### COLLECTED MATERIAL
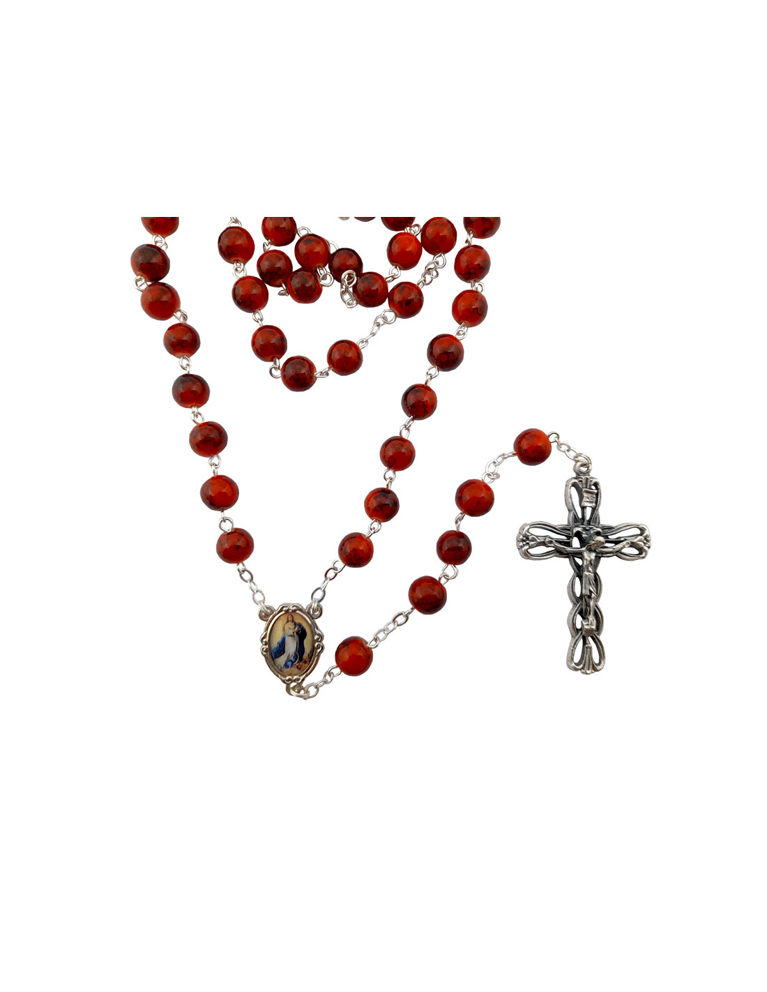 Rosario Cristal Liso 8Mm Estampado Rojo
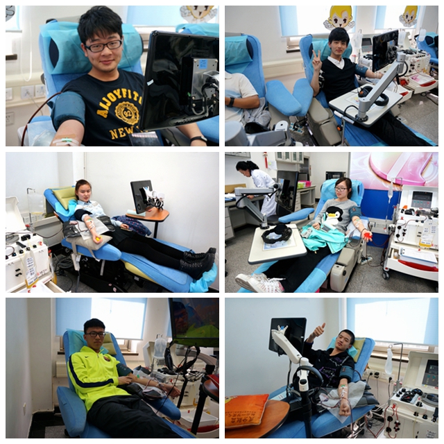 上午11:00,随着第一位志愿献血者血小板的成功采集,本次志愿活动也被拉向高潮。人数最多时,我校曾达到过20余位献血者同时进行采集的时刻,场面蔚为壮观。在此次成分献血活动中,共有54人参加成分献血,42人通过体检成功捐献,共计捐献血小板42个治疗量,为我校成分血捐献事业的更好开展打下了坚实的基础。同学们捐献的每一单位血小板,都将被用来拯救他人的生命,想来着实让人激动不已!实在不得不令人振臂高呼:北理学子,好样的!
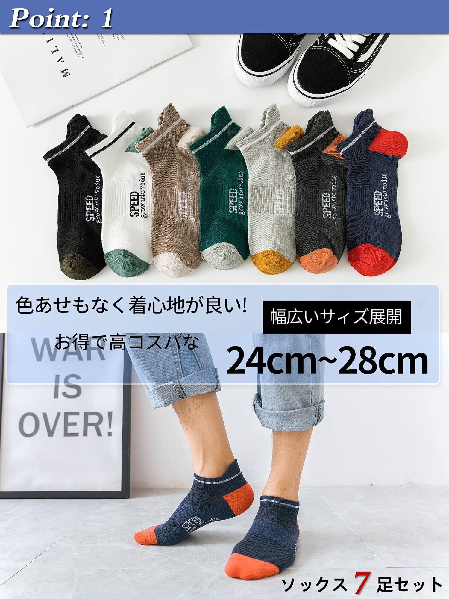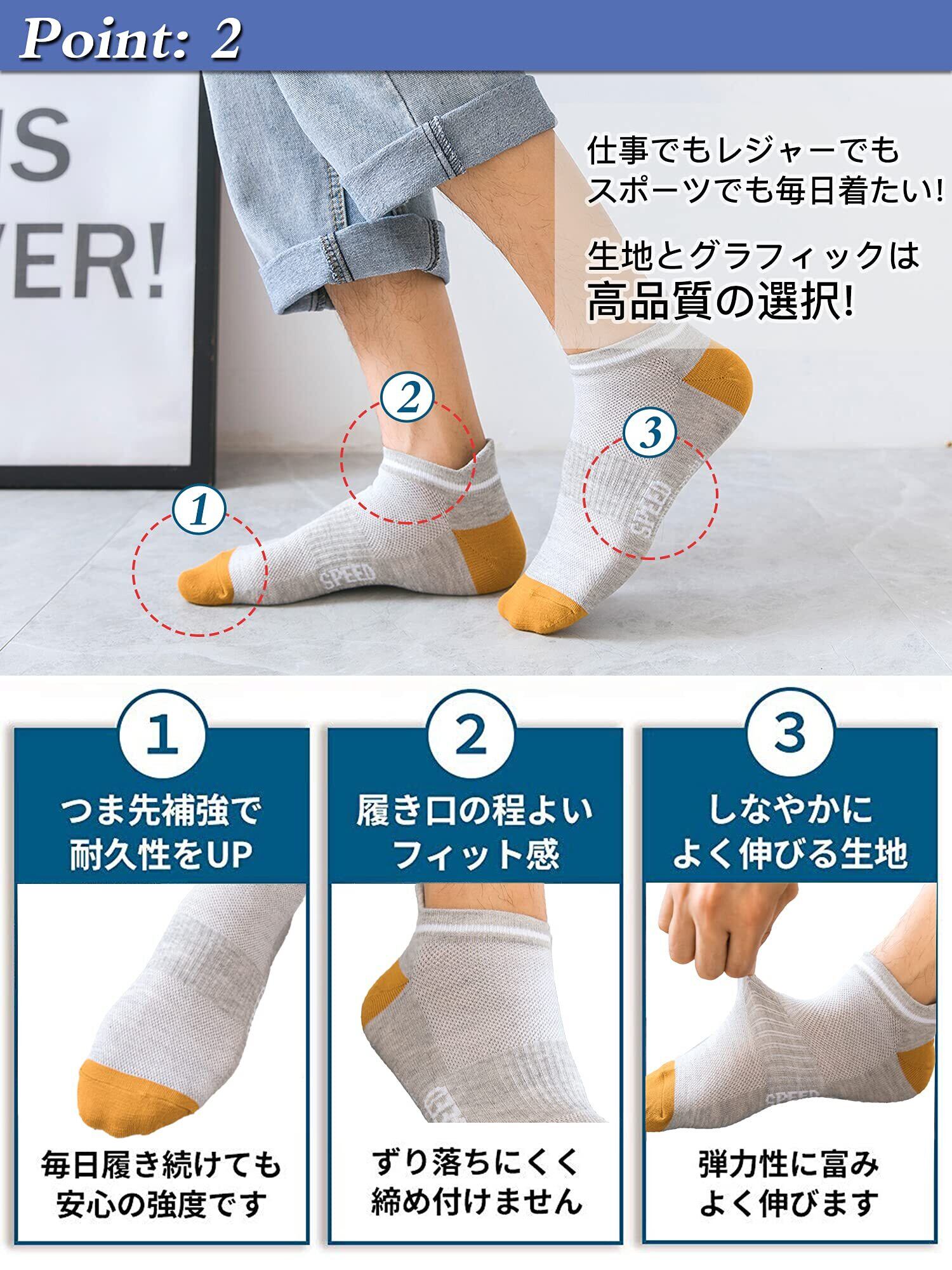 [XCHMYi] 靴下 メンズ ソックス くるぶしソックス 高級綿 通気性 臭わない 抗菌防臭 吸汗速乾 室内 カラフルソックス アウトドアソックス カジュアル 7足 8足 10足セット 四季適用 男女兼用 24-28cm

### EXERCISE OBJECTIVE
Would you set down each line of the data exactly, with no images included?

### ANSWER TO THE PROBLEM
 Rosario Cristal Liso 8Mm Estampado Rojo
 上午11:00,随着第一位志愿献血者血小板的成功采集,本次志愿活动也被拉向高潮。人数最多时,我校曾达到过20余位献血者同时进行采集的时刻,场面蔚为壮观。在此次成分献血活动中,共有54人参加成分献血,42人通过体检成功捐献,共计捐献血小板42个治疗量,为我校成分血捐献事业的更好开展打下了坚实的基础。同学们捐献的每一单位血小板,都将被用来拯救他人的生命,想来着实让人激动不已!实在不得不令人振臂高呼:北理学子,好样的!
 [XCHMYi] 靴下 メンズ ソックス くるぶしソックス 高級綿 通気性 臭わない 抗菌防臭 吸汗速乾 室内 カラフルソックス アウトドアソックス カジュアル 7足 8足 10足セット 四季適用 男女兼用 24-28cm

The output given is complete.